The second section dealt with how habits are formed and transform businesses was not as interesting as the first section, possibly because I may have less to takeaway from those than the first one. However, the stories of how new habits were created at Alcoa by Paul O'Neil and how he used it transform a company on decline to achieve new heights is clearly worth reading. One story that tries to explain how we muster enough willpower to get to gym on somedays and not others was very interesting. The author explains an experiment where a group of people were asked to have cookies and the other radish (resist cookies) and then gave them an assignment that tested how much determination they had to persist on an arduous task. The people who had spent their willpower resisting cookies fared badly as opposed to the people who had cookies and consequently had much of their willpower intact.  The author goes on to argue that those people who acknowledge their weak moments and plan for them are likely to succeed and come unscathed than those, in the battle of willpower and self improvement. There is also the section of how Target analyzes the spend patterns of its consumers to identify and possibly shape their habits. Working in the ad-tech business, this was not revolutionary to me, but I presume that this would be interesting to people who are not really familiar with Big Data and user analytics.

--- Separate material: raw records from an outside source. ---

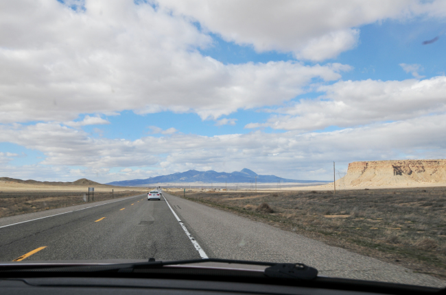 We awoke on Wendesday morning to learn that Mother Nature had decided to spoil the Coloradoans early spring by sending a wintery blizzard through the Denver area. Winds accompanied the snow (it remained very windy in Albquequerque as well), causing a snow plow to tip over at the Denver airport. We didn’t have to read much of the news to decide that we were ready to save Colorado for another day. So, we altered our plan to drive up the eastern slope of the Rockies in favor of driving the short route home through Utah.
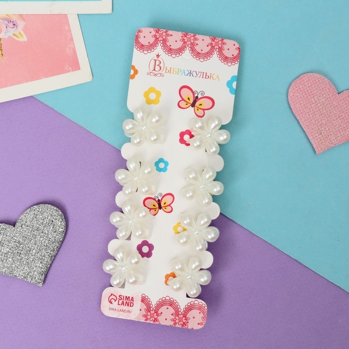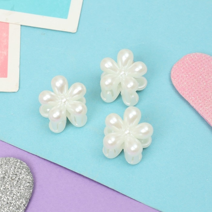 Краб для волос "Беатрис" (набор 8 шт) цветочек, 2 см, белый
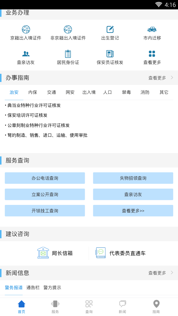 便民服务:整合了开具证明、寻人启事等多项实用功能
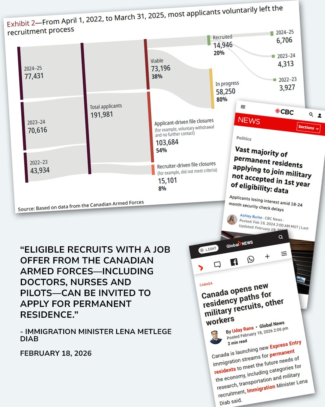 On February 18, 2026, Immigration Minister Lena Metlege Diab announced a program under which people who served in foreign armies and have a job offer from the Canadian Armed Forces can apply to become permanent residents.
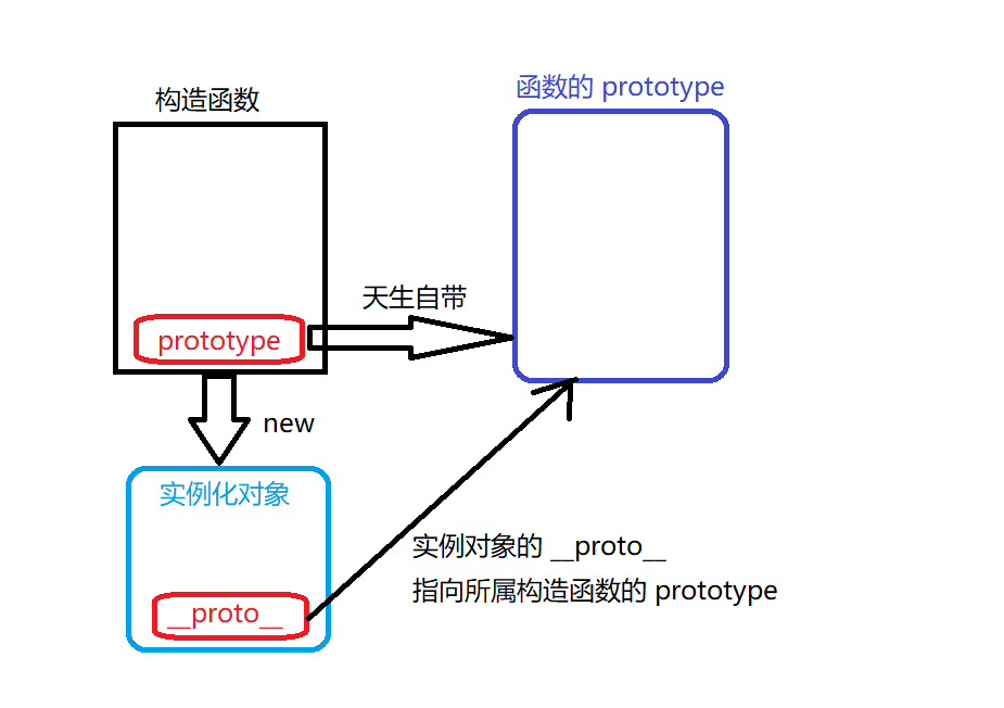 - 构造函数在生成实例化对象时,会将自己 prototype 这个空间的地址赋值给实例化对象 的__proto__来存储。 实际上,构造函数的 prototype和生成的实例化对象的__proto__指向的是同一个存储空间,可以相互调用数据。

The third section talked about habits and societies. The primary narrative here is around the incident related to the arrest of Rosa Parks snowballed into a big revolution headed by Martin Luther King Jr. and others in the South, whereas similar events before did not make that impact. There are some interesting stories here, but clearly not as appealing to me as the first section.

The last section deals with the philosophical question of whether we are responsible for our habits. There are two main stories here, one involving the murder of a wife by the husband while he was still in sleep and had no idea of what he was doing and the other the squandering away of fortune and fall to infamy of a woman who had given in to gambling. While the former was acquitted in court, the latter was held responsible for her action. The author opines that in the former case, the man had no prior notion that he might act in a certain way while in the latter, the lady knew that she had fallen into the had habit and could have take steps to correct them, however difficult it might be.

The book concludes with a practical guide on how the readers can try and change some of the ingrained habits by identifying their cue and the craving it tries to satisfy so as to modify the routine between them. Identifying a cue is easier said than done, but the author lists some practical guidelines of how to look for them. 

 While I believe that the habit change guidelines do need to be given a fair trial, I think the  book is a good read irrespective of the outcome of that exercise; the anecdotes and stories in this book are good to read and make good conversation material, if not for anything else.